A colleague, Rep. Mark Waller, came to his defense, explaining that King had car problems and didn’t have $1,025 to rent a car. “He says, ‘Let me borrow from the campaign account,’ ” explained Waller, R-Colorado Springs.

“It’s a payday loan from the campaign account,” Waller said.

Waller understands the insidious hook used by the payday industry: When you get in a jam, go to a payday lender. They are on practically every corner — operating more stores than McDonald’s and Starbucks combined.

But if King had gone to a real payday lender, he would have had to take out two loans for the maximum of $500 each. That would have cost him $150.

King wasn’t reimbursed for about two months. That means he would have had to renew his loans every two weeks. Remember, no partial payments with payday loans; it’s pay in full or take out another loan.

King would have gone back to his payday lenders four times, and in the end, he would have paid $750 to borrow $1,000.

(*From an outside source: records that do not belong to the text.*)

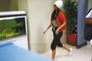 晚9:15,“來(lái)了!來(lái)了!”安檢人員對(duì)講機(jī)里傳來(lái)前方隨時(shí)更新的信息,只見(jiàn)章子怡在一位胡須男助手的引導(dǎo)下,面露微笑、輕松自如地走過(guò)安檢門(mén),白色線帽和黑超墨鏡很是打眼。此時(shí),本報(bào)攝影記者卻被劇組工作人員強(qiáng)行按住相機(jī)。旁邊的地面服務(wù)人員看到真人版“國(guó)際章”不禁感嘆道:“好瘦哦!皮膚還白耶!”一男生說(shuō):“恁個(gè)熱,還戴恁個(gè)厚的帽子。”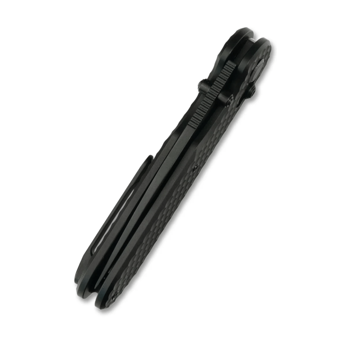 A markolat fekete 6AL4V titánból készült, méhsejt textúrával a jobb fogás és tartósság érdekében. A zsebcsipesz titánból készült, és a jobb oldali tip-up hordásra van beállítva.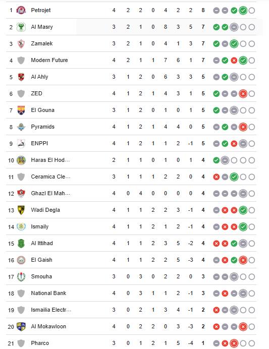 جدول الدوري المصري الجديد 2025 بعد ختام الجولة الرابعة

In that sense, King would have been a pretty typical borrower. In Colorado, one-third of payday customers take out multiple loans, and an average user ends up in debt for six months.

But King is not like most Colorado payday victims. He could tap his campaign fund.

Coloradans who work hard to make ends meet, or who get by on a fixed income — they don’t have a campaign fund as a backstop.

Many of them turn to payday lenders who, under the law, can charge fees equivalent to 521% interest APR. All because Colorado lawmakers opened a loophole in 2000 and allowed payday lenders to operate outside of the state’s usury laws.

Last month, House Minority Leader Mike May said the state “cannot continue to use payday-loan-like policies” in trying to fix the state’s budget mess.

One by one, lawmakers seem to be getting a grasp of harm caused by payday lending.

7 Community Comments, Facebook Comments

  1. GOPwarrior says:

    Why aren’t their customers voting with their feet? Didn’t I see hundreds of working people protesting at the Capitol last year against you outlawing a legal financial contract?

    This is not spam, please don’t delete it Pols!!

    • gaf says:

      Perhaps they don’t have the time because they are at their jobs, or interviewing for jobs, so they can pay off the damn loans!

      • RedGreenRedGreen says:

        Consumers who lean on the gubmint to “protect” them from unscrupulous lenders or unsafe prescription drugs vendors — they’re just a bunch of bitchy little girls. Vote with your feet if you can stop whining long enough.

        • redstateblues says:

          Accuse your opponent of subverting democracy by not putting everything under the sun up for a vote. Then when they do get a ballot initiative or other populist manner of passing laws, spend as much money as possible smearing the proposed initiative.

          If something does end up passing despite your best efforts, proceed to declare that the voters were duped by the people who proposed the initiative.

  2. MADCO says:

    You’re on to something here.

    We should all file to run for office  – and then form a campaign committee and raise some dough just to have an emergency fund for when the car breaks and stuff.